Requirement: From the first line to the last, copy the material exactly and leave the pictures out.

Dataset content:
══════════

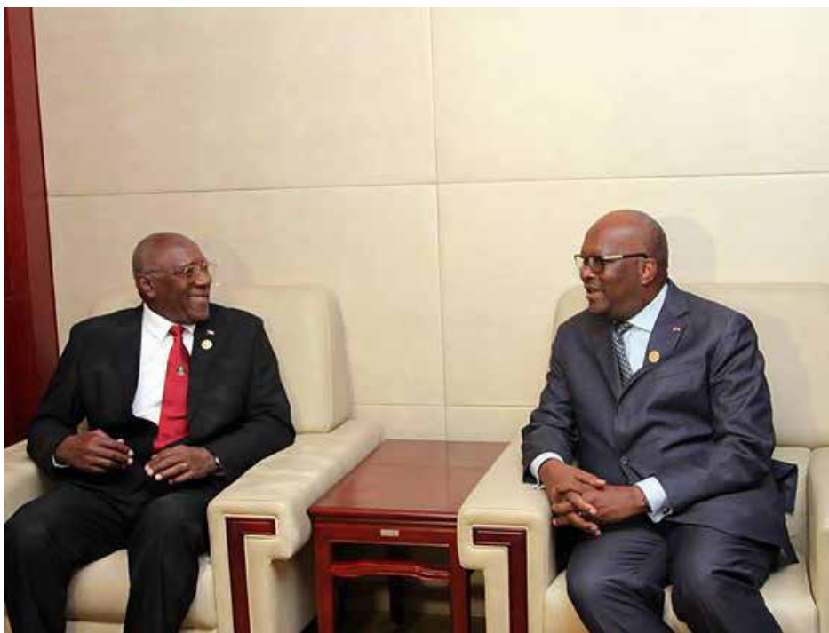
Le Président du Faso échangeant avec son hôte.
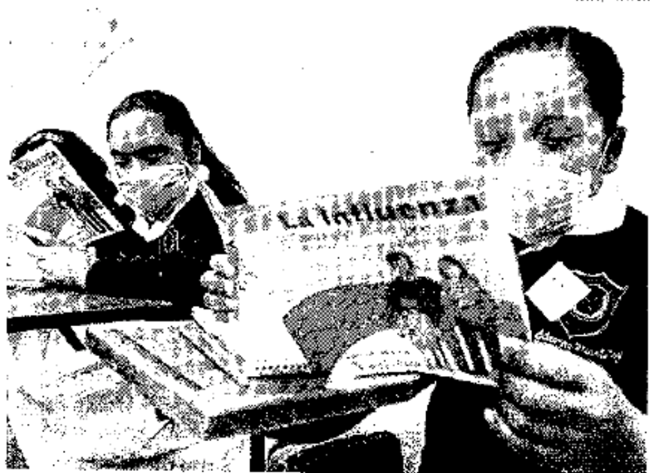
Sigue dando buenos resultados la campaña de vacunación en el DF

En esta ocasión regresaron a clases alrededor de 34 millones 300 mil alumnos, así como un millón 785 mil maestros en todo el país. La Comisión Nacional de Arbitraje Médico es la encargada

══════════

Output of the exercise:
Le Président du Faso échangeant avec son hôte.
Sigue dando buenos resultados la campaña de vacunación en el DF

En esta ocasión regresaron a clases alrededor de 34 millones 300 mil alumnos, así como un millón 785 mil maestros en todo el país. La Comisión Nacional de Arbitraje Médico es la encargada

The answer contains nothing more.